==== RECORD EXCERPTS ====
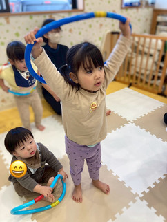 ボールを使った運動や、丸くしたホースを使った引っ張り合いっこ!!
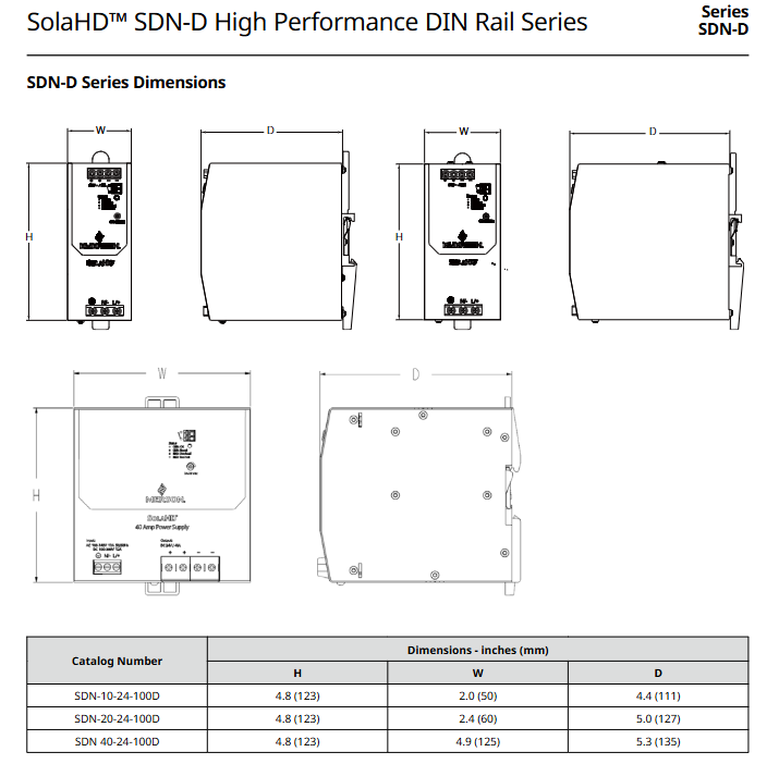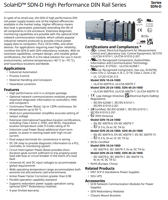 In industrial automation control systems, the rail power supply is a key link in providing stable DC power to core components such as PLCs, I/O modules, sensors, and communication equipment. A high-performance and highly reliable power supply not only determines the operational stability of the control cabinet, but also directly affects the continuous operation of the entire production line. The SDN-D series DIN rail power supply launched by SolaHD has become an ideal choice for harsh industrial environments and hazardous locations due to its high efficiency, compact size, wide operating temperature range, and powerful diagnostic monitoring capabilities. This article will systematically analyze the SDN-D series power supply from multiple dimensions, including technical characteristics, selection specifications, installation points, communication monitoring, and on-site troubleshooting, providing a practical technical guide for on-site engineers.
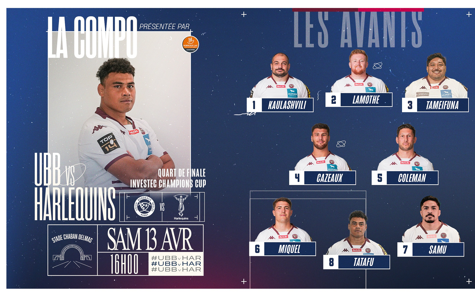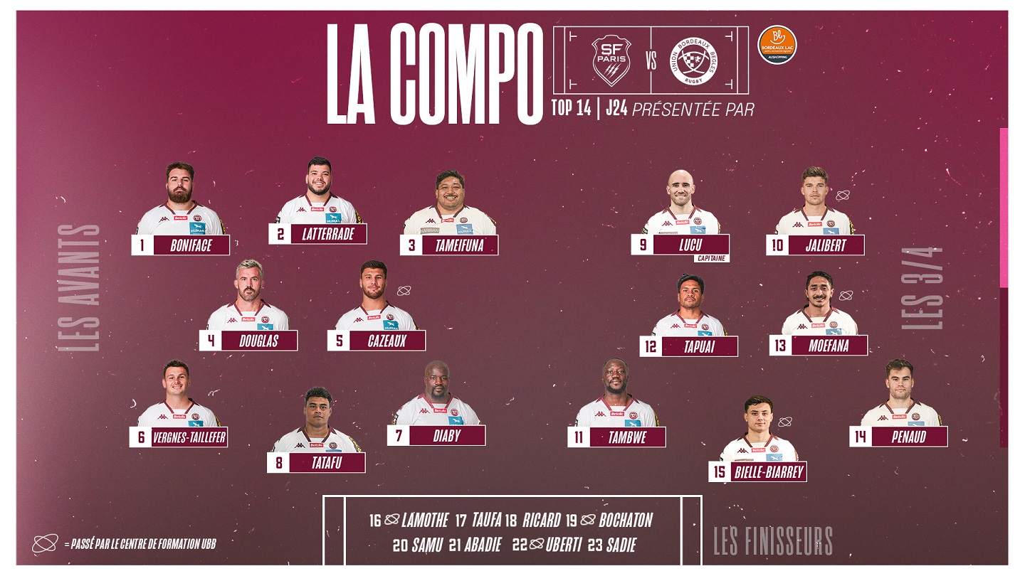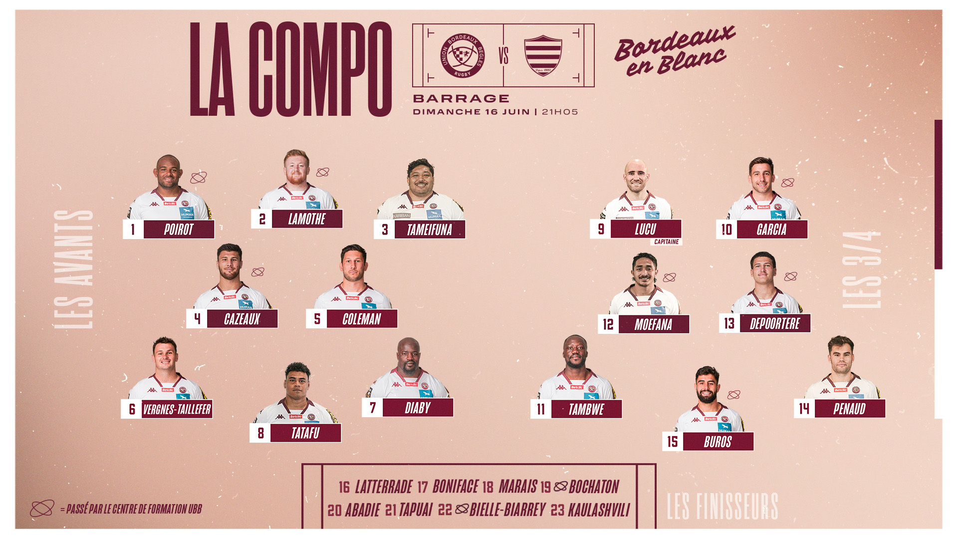 ボルドーは準決勝欠場していたPRベン・タメイフナとSOマチュー・ジャリベールが戻りベストメンバー
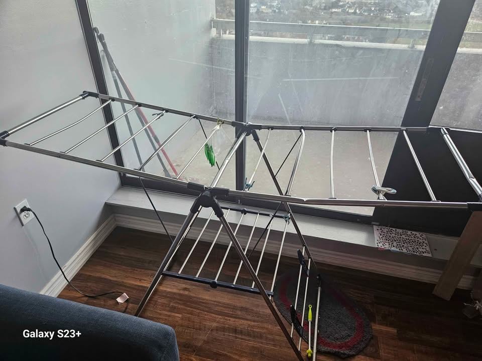 Selling a sturdy metal clothes drying rack perfect for indoor or balcony use.
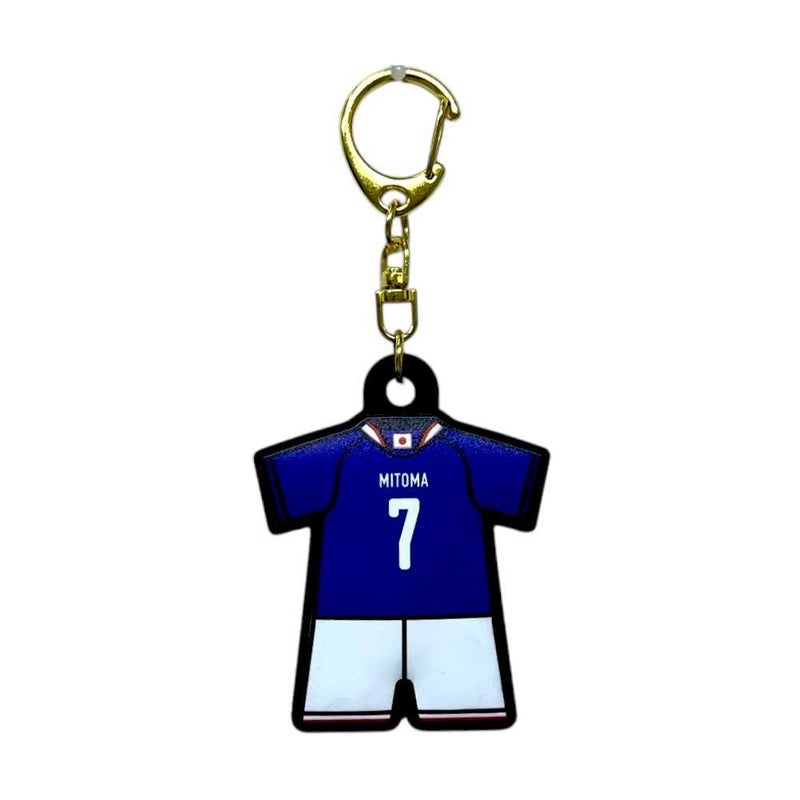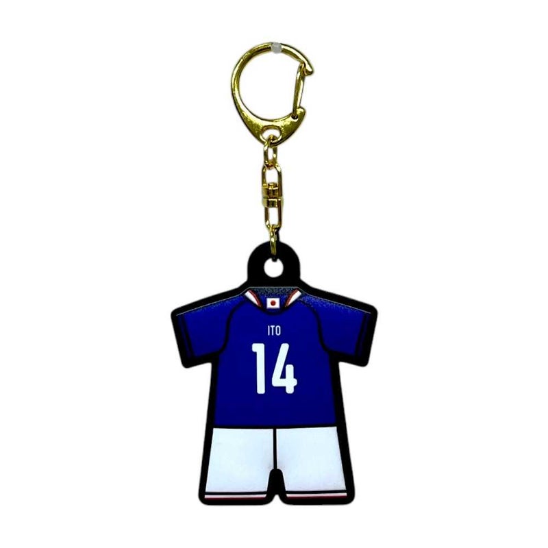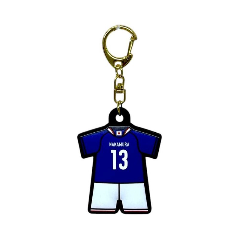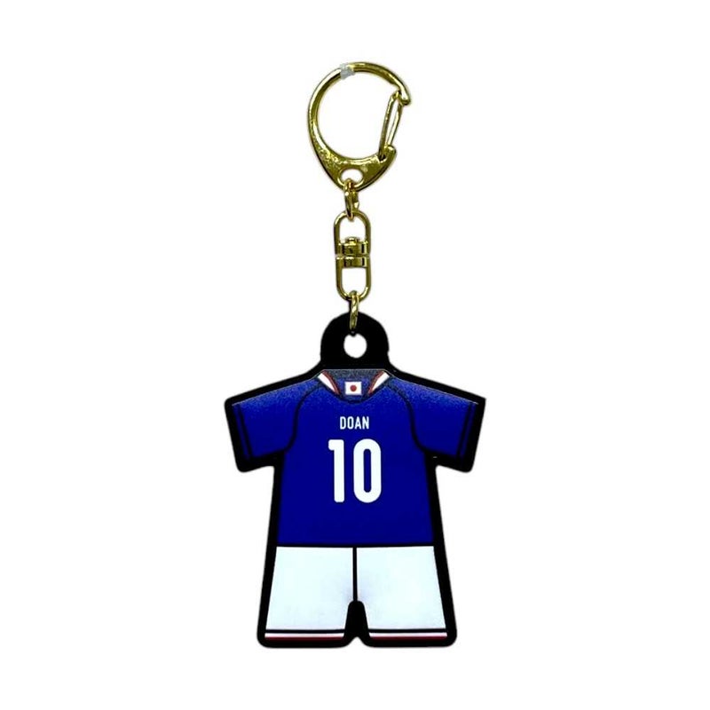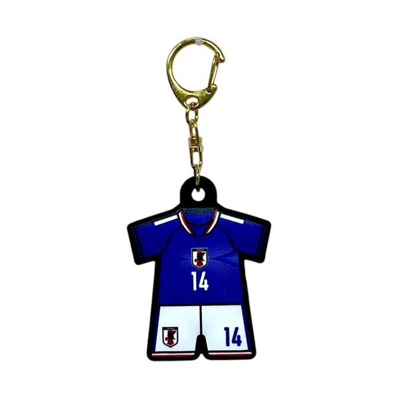 ユニフォーム型ラバーキーホルダーを持ってサッカー日本代表を応援しよう。
====
* [WHAT IS BEING ASKED]: With the pictures left out, output exactly the lines that begin at the line containing "ボルドーは準決勝欠場していた" and end at the last line of the material.

* [RESPONSE BOX]:
 ボルドーは準決勝欠場していたPRベン・タメイフナとSOマチュー・ジャリベールが戻りベストメンバー
 Selling a sturdy metal clothes drying rack perfect for indoor or balcony use.
 ユニフォーム型ラバーキーホルダーを持ってサッカー日本代表を応援しよう。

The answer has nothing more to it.